How Puppet Works

Puppet enables you to define the software and configuration that a system requires and then maintain that specified state. The following graphic shows the Puppet agent-server architecture where a Puppet Server (server) node controls the configuration information for a fleet of managed nodes that run the Puppet Agent (agent).


Graphic describes the Puppet agent-server topology where the Puppet Server communidates with Puppet Agents.

The Puppet Server controls the configuration information. Each Puppet Agent-managed node configures itself by requesting its own configuration from the server.

Puppet uses the Facter utility, which is included in the Puppet software package, to discover information about a system. See Gathering Information About a System by Using Facter.

The server uses manifests to describe the resources to configure for each agent-managed node.
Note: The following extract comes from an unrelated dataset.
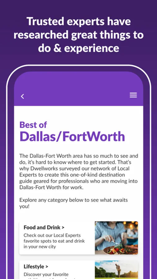 Available exclusively for guests of Dwellworks Living, Xplore provides great information about things to do, see and explore in destinations around the world. Collected and curated by our local experts, the content for each destination may include things like:

Also, you can create a site manifest to define a global configuration that applies to all of the agent-managed nodes.

Typically, agent-managed nodes run the Puppet Agent application as a background service. The agent collects configuration information about itself and sends that information to the server for compilation into a catalog. The catalog describes the configuration of each agent-managed node. The agent-managed node uses the catalog to apply any configuration updates.

Puppet uses a pull mode where agents poll the server at regular intervals to retrieve site-specific and node-specific configuration information. See Overview of Puppet’s Architecture.